Marking information including any or all of the foregoing types of information may be logged/stored in local memory of a marking device, formatted in various manners, processed and/or analyzed at the marking device itself, and/or transmitted to another device (e.g., a remote computer/server) for storage, processing and/or analysis.

Similarly, locating equipment data 1250 may include “locate information” or locate receiver data 1254 that is associated generally with the locating/detection functionality of a locate and marking operation. Examples of locate information relating to the locate operation that may be logged into an electronic record may include, but are not limited to, any of the following types of information or any suitable combinations of such information:

    • timing information (e.g., one or more time stamps) associated with one or more events occurring during a given locate operation;
    • geographic information (e.g., one or more geographic coordinates) associated with one or more events of a locate operation (in some instances, the geographic information may be accompanied by timing information, such as a time stamp, for each acquisition of geographic information); and/or geographic diagnostics information (e.g., GPS diagnostics information, such as, but not limited to, the quality of a GPS signal, the number of satellites in view of the GPS receiver, etc.);
    • service-related information: one or more identifiers for the locate technician performing the locate operation, the locate contractor (service provider) dispatching the locate technician, and/or the party requesting the locate operation;
    • ticket information: information relating to one or more facilities to be located, location information (e.g., an address, geo-coordinates, and/or text description) relating to the work site and/or dig area in which the locate and marking operation is performed, ground type information (e.g., a description of the ground at which the locate is performed), excavator information, other text-based information, etc.
    • target object information: information about the target object (e.g., facility) to be located, such as the type of object, expected depth of object, etc.;
    • locate signal information: information entered, detected and/or sensed as part of performing the locate operation relating to one or more signals representing a presence or absence of one or more underground facilities, such as magnetic field strength and frequency, electric current magnitude, depth of the located object, the mode of operation of the locate receiver (e.g., peak v. null detection modes), the gain of the locate receiver, etc.
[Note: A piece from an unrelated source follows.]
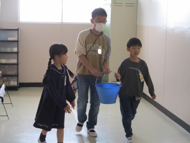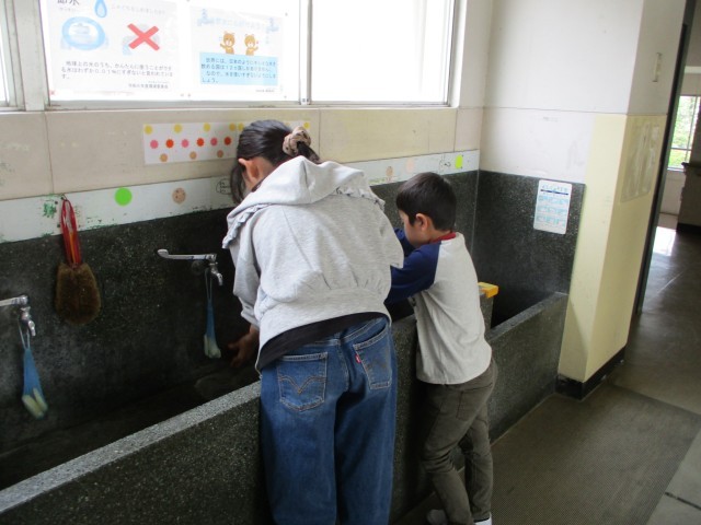 掃除の時間は、ペア学年の6年生に掃除の仕方を教えてもらいながら掃除をしています。お兄さん・お姉さんに優しく教えてもらって、子どもたちはとてもうれしそうでした。

With respect to locate receivers, the “gain” is typically a measure of the degree of sensitivity of a locate receiver antenna that is picking up a signal emanating from along an underground facility (alternatively, “gain” may be viewed as a degree of amplification being applied to a received signal). Gain may be expressed in terms of any scale (e.g., 0-100), as a numeric value or percentage. “Signal strength” (or “magnetic field strength”) refers to the strength of a received signal at a given gain value; signal strength similarly may be expressed in terms of any scale, as a numeric value or percentage. Generally speaking, higher signal strengths at lower gains typically indicate more reliable information from a locate receiver, but this may not necessarily be the case for all locate operations;
    • locate receiver information: information about the locate receiver, such as identification of the locate receiver (e.g., serial number), make and model of the locate receiver, mode of operation (e.g., passive or active, and peak or null), battery level, etc.;
    • transmitter information: information about any transmitter and transmitter signal (also referred to herein as an applied signal) utilized for the locate operation, such as transmitter type, identification of the transmitter (e.g., serial number), make and model of the transmitter, mode of operation (e.g., inductive and conductive), battery level, connection type, electrical ground type, electrical ground position, moisture content of physical ground to which electrical ground contact is made, pH of physical ground, applied signal frequency, available signal frequencies, transmitter power, whether a continuity indication is provided for the applied signal, etc.;
    • tracer wire information: information about a tracer wire provided along the underground facility, such as tracer wire material (e.g., aluminum, tin/steel, copper/stainless steel, etc.), gauge of the tracer wire, condition of the tracer wire (e.g., whether intact, broken, corroded, etc.), etc.;
    • environmental information: information derived from one or more environmental sensors associated with the locate device, examples of which sensors include, but are not limited to, temperature sensors, humidity sensors, light sensors, altitude sensors, image capture devices and audio recorders, as well as information that may be manually entered (e.g., by a technician) relating to environmental conditions (e.g., ground type in the area of the locate operation, which could also or alternatively be indicated in ticket information);
    • operational information: information derived from one or more operational sensors associated with the locate device, examples of which sensors include, but are not limited to, operational temperature sensors, a compass, an inclinometer, one or more accelerometers, a yaw rate sensor, a proximity sensor, a pressure sensor, one or more device health sensors, image capture devices, and audio devices; and
    • Device health information: information about the status of one or more components of a locate device, such as battery status, WiFi connectivity status, GPS receiver status (e.g., GPS signal strength/quality, number of satellites in view), etc.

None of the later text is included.